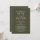 Elegantly announce your happily ever after with our modern olive green theme, modern classy and elegant wedding reception celebration invitation card, "Happily Ever After", hors d'oeuvres, drinks, dessert, and dancing after the wedding ceremony. Tailored for couples continuing their love story, this invitation strikes a perfect balance of sophistication and charm, setting the scene for an unforgettable event. Featuring a modern contemporary script design, it adds a touch of timeless grace to your special day. Designed by the talented TeeshaDerrick, this invitation is a stylish expression of your enduring love.
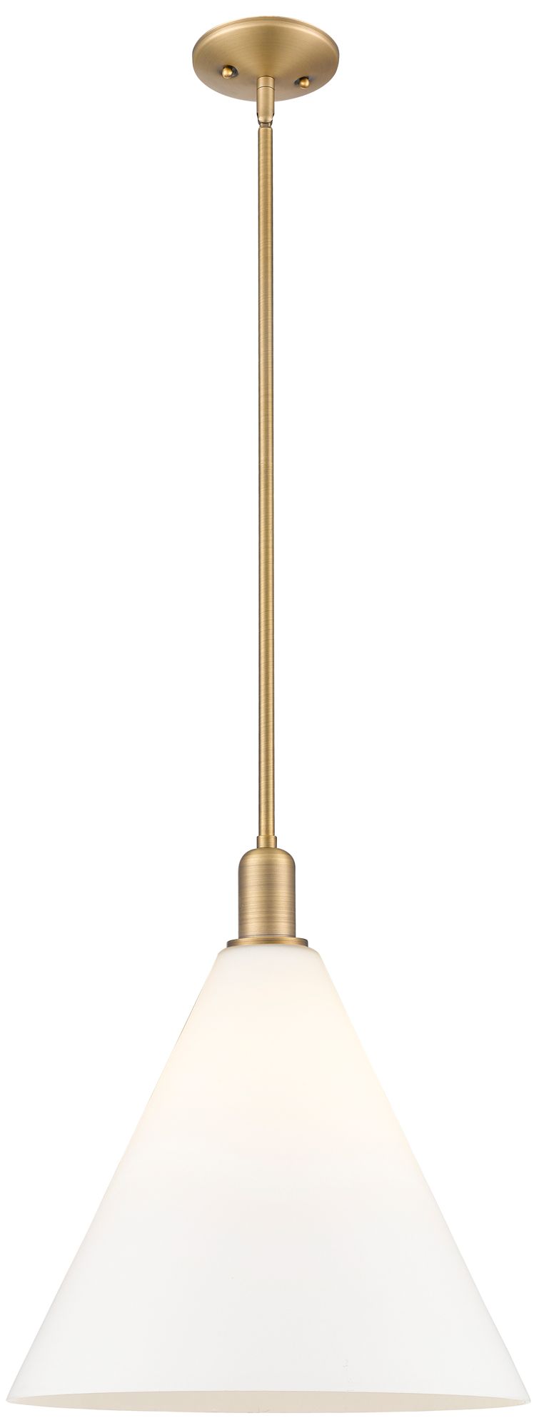 Arcadia Berkshire Glass 16"W Brushed Brass Stem Pendant w/ White Shade
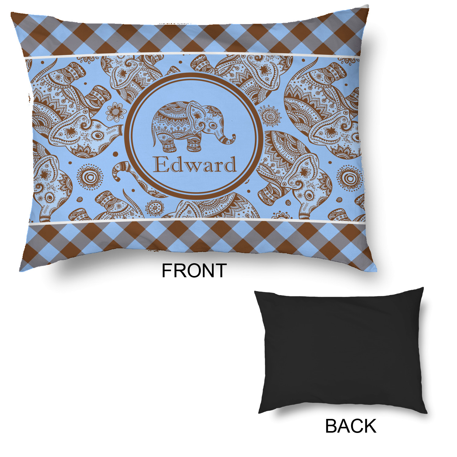 We chose the angled gingham for the top and bottom, but you have the choice of straight gingham or any other pattern in our system that you like. Our baby elephant pattern are available in 3 different styles - we chose style 2. We opted not to have a ribbon and chose a simple round label with a graphic of the elephant and the personalization below the elephant graphic.
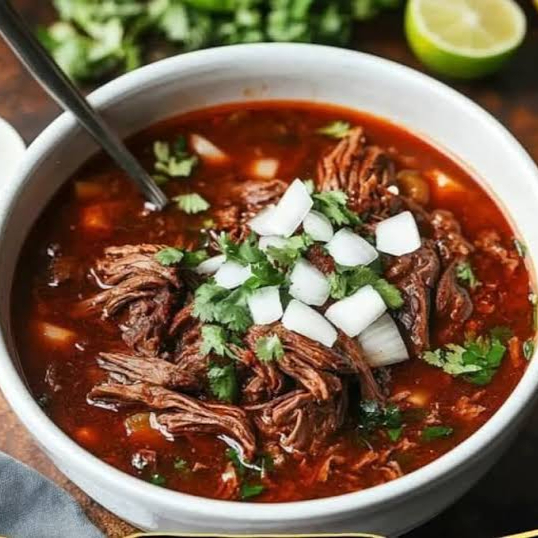 Delicioso consome de birria con carne (125 grm). Acompañado de tortillas, verduras, limones y salsas.
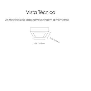 Dimensões AxLxP (cm): 2,5 x 29,4 x 29,4 Frequência: 50/60 Hz Voltagem: Bivolt Cor: Branco Potência: 24W Temperatura da Cor: 6500K - Branco Frio Instalação: Sobrepor
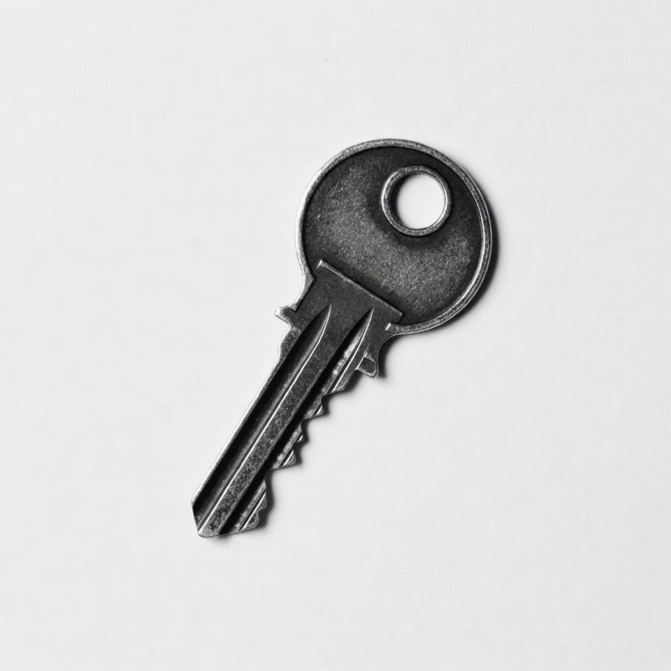 A single black metal key with a round head and jagged teeth lies on a plain white background. The key features a circular hole in the head and a textured surface. It is positioned diagonally for a clear view.
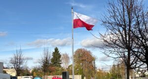 Maszt z biało-czerwoną flagą na placu Moraczewskiego

++++++

### Directions
Nothing but the lines from the line containing "Dimensões AxLxP (cm): 2,5" through the last line of the records above is to be extracted, exactly and with no pictures.

### Solution to this problem
 Dimensões AxLxP (cm): 2,5 x 29,4 x 29,4 Frequência: 50/60 Hz Voltagem: Bivolt Cor: Branco Potência: 24W Temperatura da Cor: 6500K - Branco Frio Instalação: Sobrepor
 A single black metal key with a round head and jagged teeth lies on a plain white background. The key features a circular hole in the head and a textured surface. It is positioned diagonally for a clear view.
 Maszt z biało-czerwoną flagą na placu Moraczewskiego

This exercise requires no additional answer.